In our last post we made some sense of the main driver of a flat abdomen: leanness. But how do we achieve that elusive goal? Well, the story is a little bit more interesting than we tend to hear. So lets start by covering some basics.

We have all heard about the need to achieve a balance between energy ‘in’ (our diet) and energy ‘out’ (what we burn/use on a day to day basis). Well, research is suggesting that this may not be as basic as we first thought. The evidence is pointing to these two factors playing different roles in the weight loss equation. Our nutrition is being suggested as a much more important driver of weight loss, while exercise seems to serve as a protector against weight gain (among many other health benefits of course!).

You may have experienced this in the past: you realise that you have put some weight on and decide that its time to take up some weight loss programs. So you start exercising. Weeks later you are still frustrated by the very minimal changes on the scales… have you been there?

Well, the (somewhat) good news here, is that you are not really to blame for those small changes. Research is now consistently reporting that the weight changes that result from exercise alone are quite small. A large review of studies on the topic showed that in the short term (16 weeks in this case) exercise alone reduced fat by 0.25kg per week. Now, this is nothing to be scoffed at: this indicates that over the 16 weeks people can lose 4kg of fat, which is great. And it is a sustainable amount of weight loss.

Also, the quantity of fat loss is dependent on the amount and intensity of exercise performed. So how much exercise do you need to perform for that quarter of a kilo? About 20-30 minutes of moderate intensity exercise on most days of the week (5-6 days).
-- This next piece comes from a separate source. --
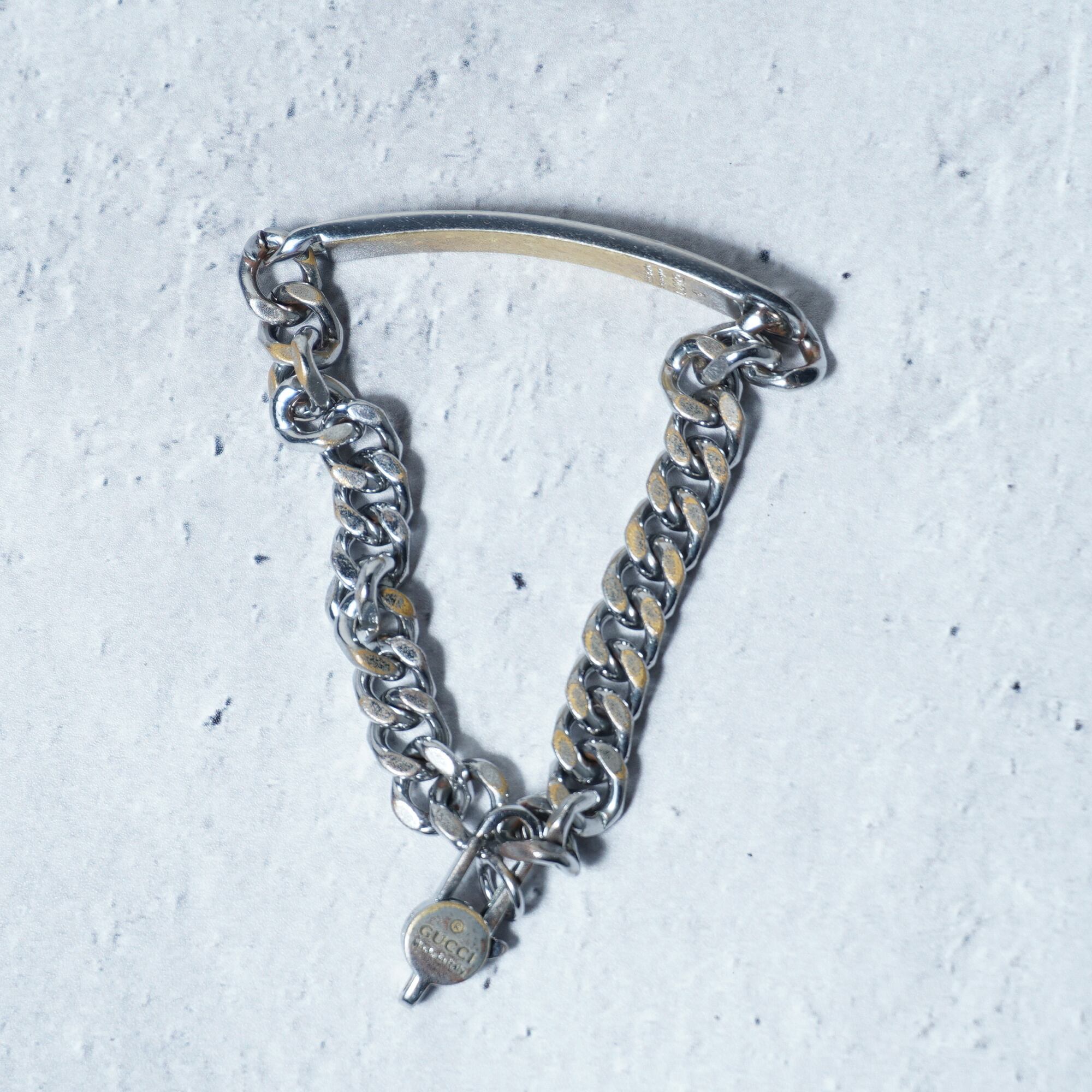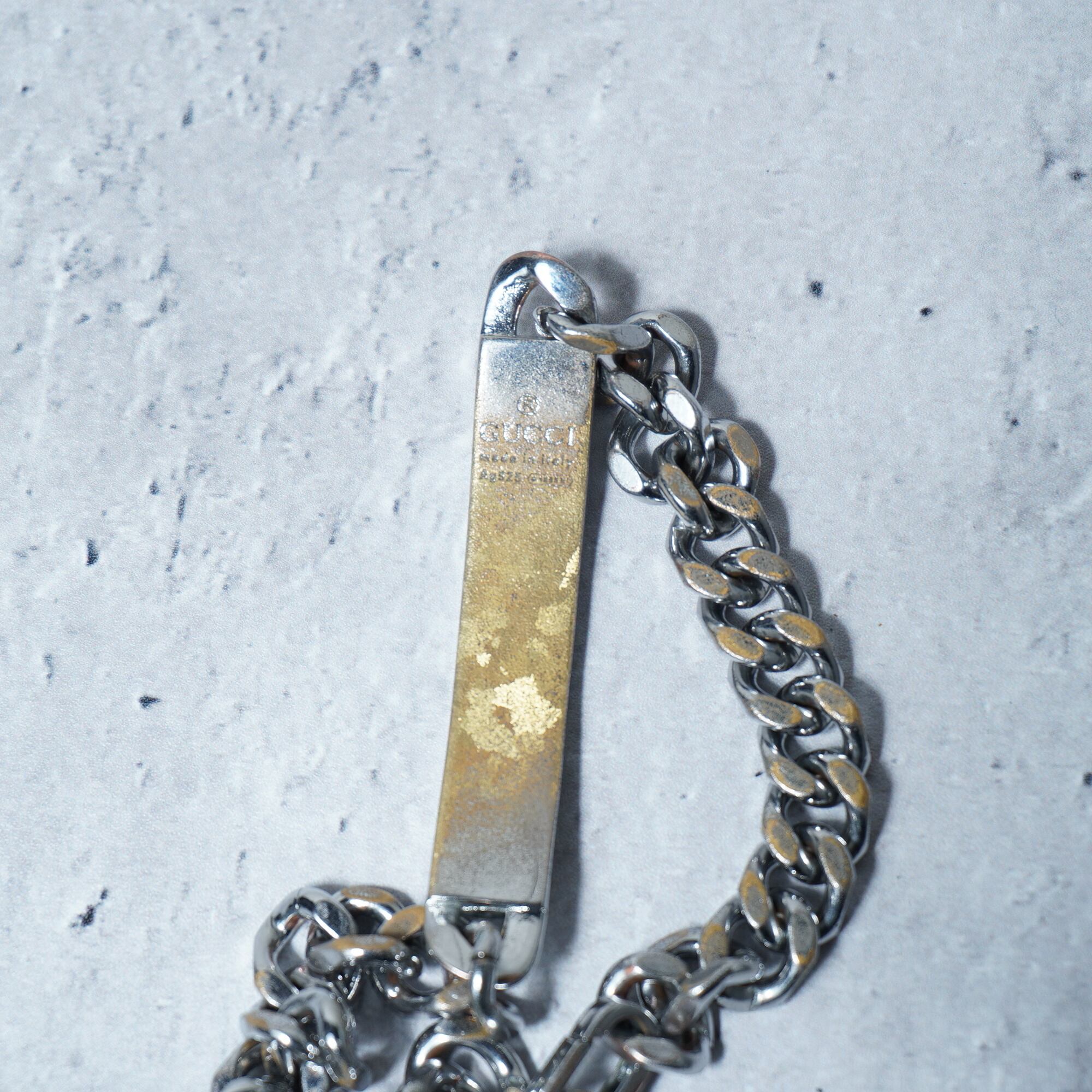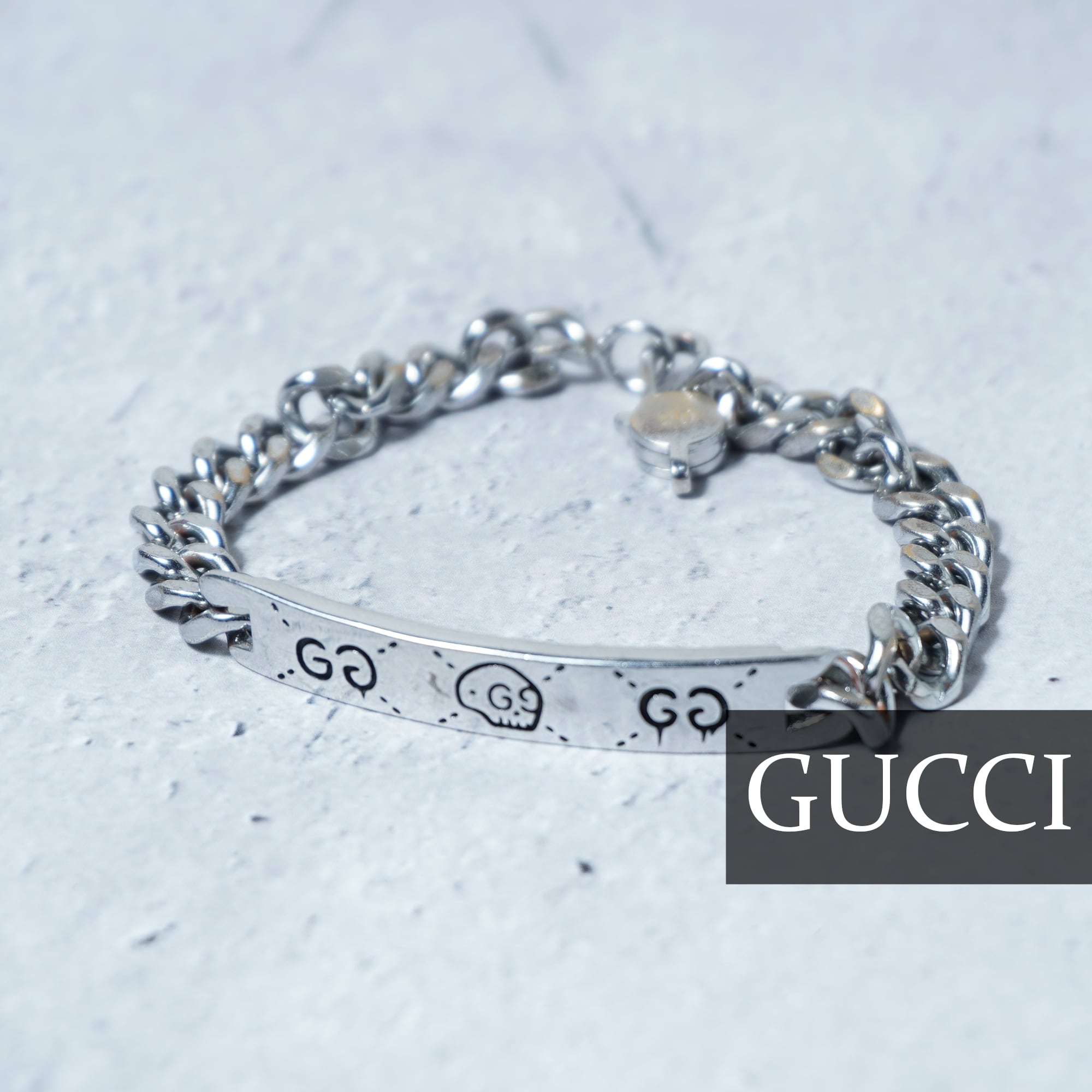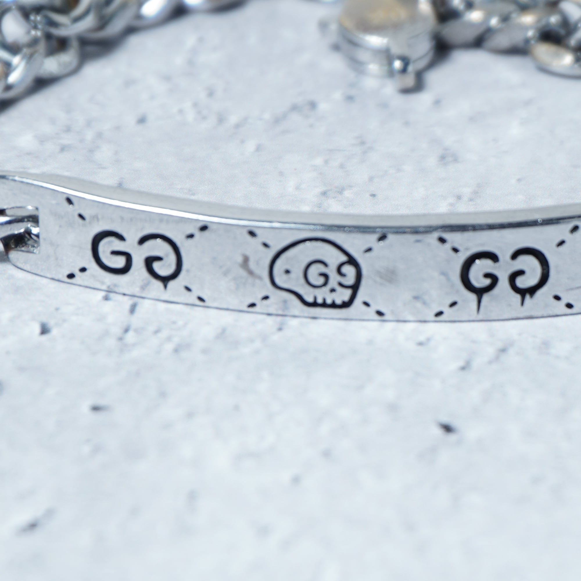 【GUCCI】グッチ シルバー925 スカルGGロゴプレートチェーンブレスレット

And what is achievable at greater loads of exercise? Well, if you exercise 6 days a week at a moderate to high intensity – meaning you are burning about 550cals or 2300kj per session – you can expect to lose 0.4-0.5 kg/week of fat. Great results but tough schedule!

I am a great believer and promoter of regular exercise. My business revolves around it, and the benefits of it are incredible in their scope and depth. And we will publish posts in the future on the many (and often unknown) benefits of exercise. However it is more important for me that you receive the right advice and are equipped to make the right decisions for the specific goals that you may have.

So which way does the balance tip? A summary of the research indicates that exercise will account for approximately 20-40% of fat loss, while your diet will account for anywhere between 60-80%. Definitely worth while spending some time exploring this side of the equation! And the good news is that it will take a lot less effort and time to achieve significant results.

This benefit will be even more important for you if for whatever reason, your capacity to exercise is limited. For example due to injury, serious health conditions, or an extremely tough work schedule.

So what can you expect from dietary changes?

Well, our clients are losing an average of 1kg per week form dietary changes alone. Well, this will take another post to explain it in good detail so that the mechanisms can be well understood, but so that you can get started between now and then, here are some foundational recommendations we make:

  • Eat natural foods – every meal should look like you just picked it from a plant, or like you were hunting that morning!
  • Eat lots of colour – what is the average colour in your diet? If its brown, then please do make sure you stay tuned to our next blog, as you will be surprised as to what may be going on in your body!
  • Eat regularly – 5-6 smaller meals a day are ideal to maintain blood sugar levels well regulated
  • Decrease the amount of grain based carbohydrates in your diet – this will obviously depend on what you are currently eating. But by an large, we tend to over-consume grains, a dietary habit that may be at the root cause of many of our western diseases.

I’ll go into a lot more detail about these recommendations in our next blog. But what I’d love you to do is to start thinking about the above information, and start to make small gradual changes based on it. Look at the dietary recommendations above, mix them with some regular exercise (yes, this is still important!), and stay tuned to our next post.

Please tell us if any of this doesn’t make sense, or if you have any further questions. Our aim is to inform you so you can lead a more energetic life. We want to help shape your life performance -forever!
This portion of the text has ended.